Village de Séraphin is a former Canadian open-air museum inspired by the television drama Les Belles Histoires des pays d'en haut, with more than eighteen houses to visit, located from no 300 to no 350, rue Séraphin in Sainte-Adèle.

History
In 1965, Fernand Montplaisir, a pharmacist from Sainte-Adèle, bought land where 's house was located, to build Village de Séraphin. For $50,000, he obtained the rights to use the characters of Claude-Henri Grignon.

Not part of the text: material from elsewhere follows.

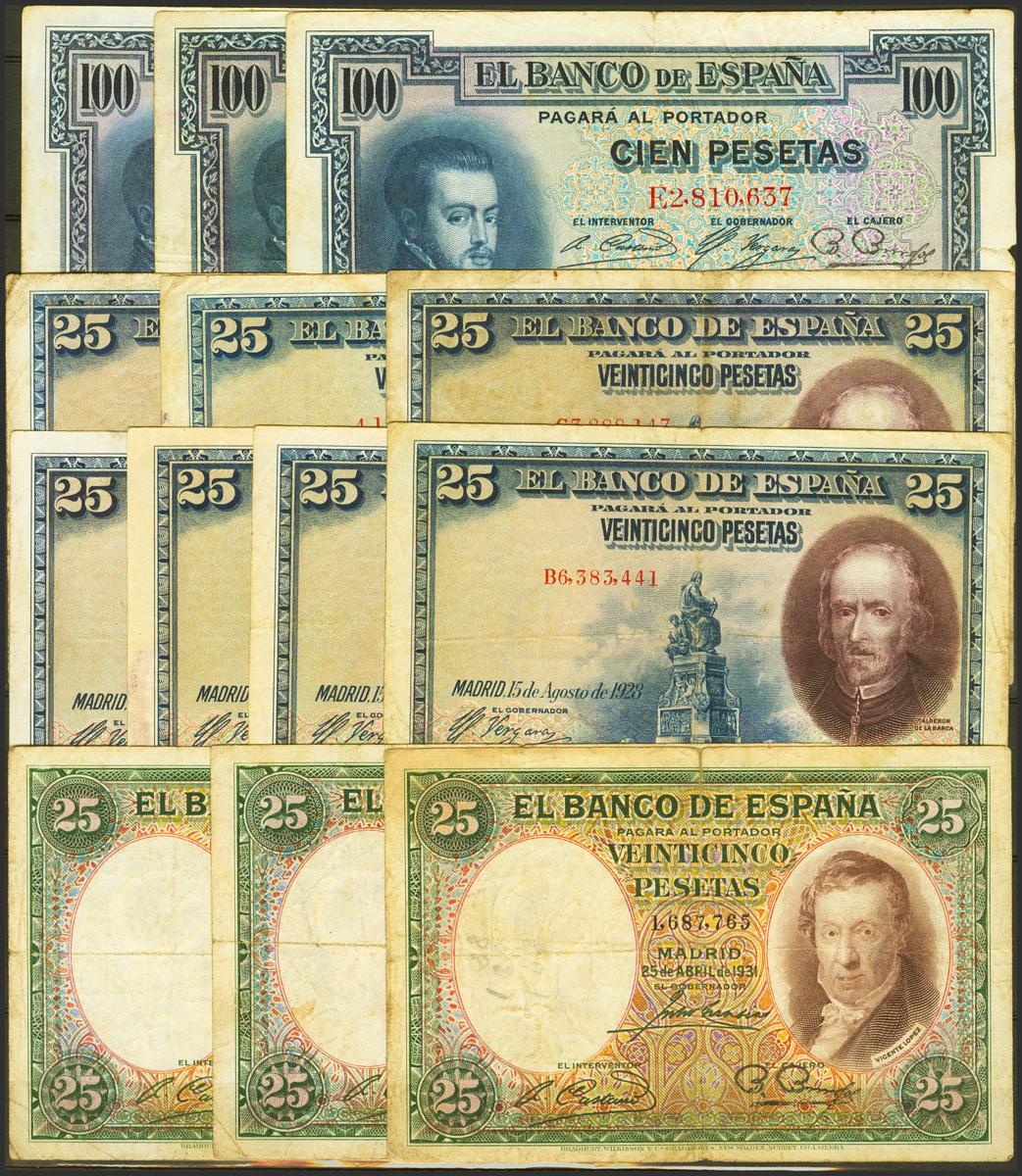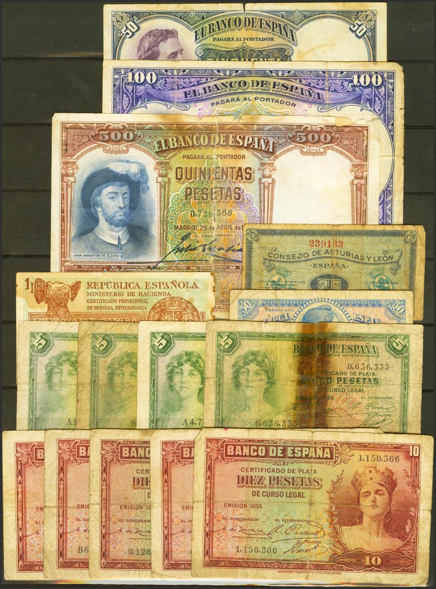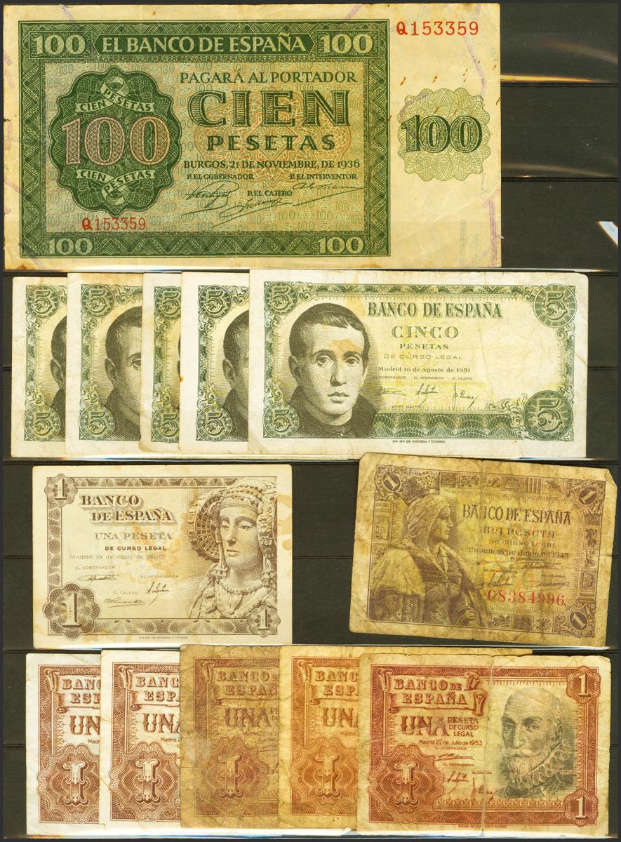 Conjunto de más de 60 billetes del Banco de España, de diversas emisiones, en calidades pobres y cantidades diversas. A EXAMINAR.
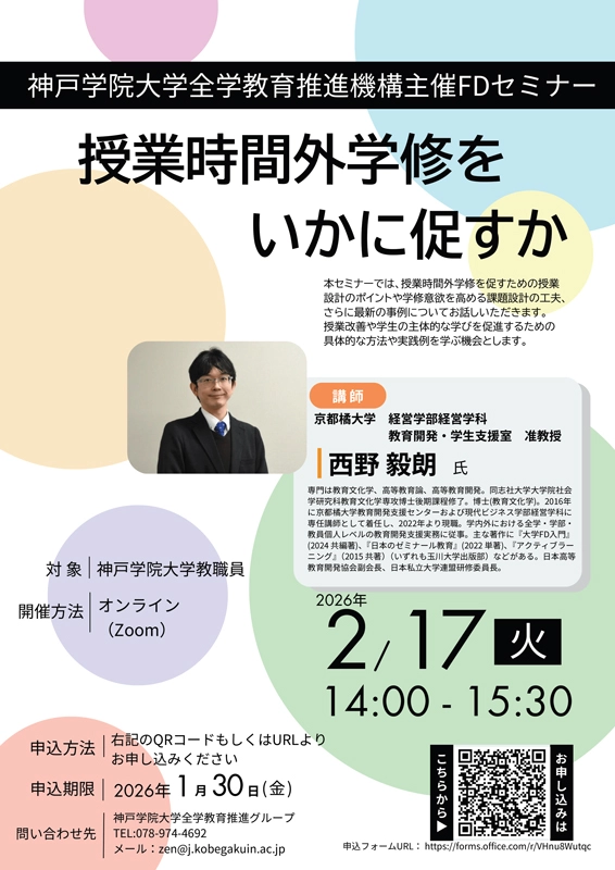 - 概要:本セミナーでは、授業時間外学修を促すための授業設計のポイントや学修意欲を高める課題設計の工夫、さらに最新の事例についてお話しいただきます。授業改善や学生の主体的な学びを促進するための具体的な方法や実践例を学ぶ機会とします。

Village de Séraphin was inaugurated in 1967, with initially eight houses bought piece by piece in the vicinity of Sainte-Adèle and rebuilt in the village. In this first season, more than 100,000 people visited the place.

In 1977, Village de Séraphin had 17 houses to visit.

Fernand Montplaisir inaugurated in 1983 a new park called Pays des Merveilles, located near the site of Village de Séraphin.

In the mid-1980s, the château de la riche héritière was built, bringing the number to eighteen houses to visit.

Following the death of her husband Fernand Montplaisir in January 1998, Thérèse Montplaisir tried to sell the village, but without success.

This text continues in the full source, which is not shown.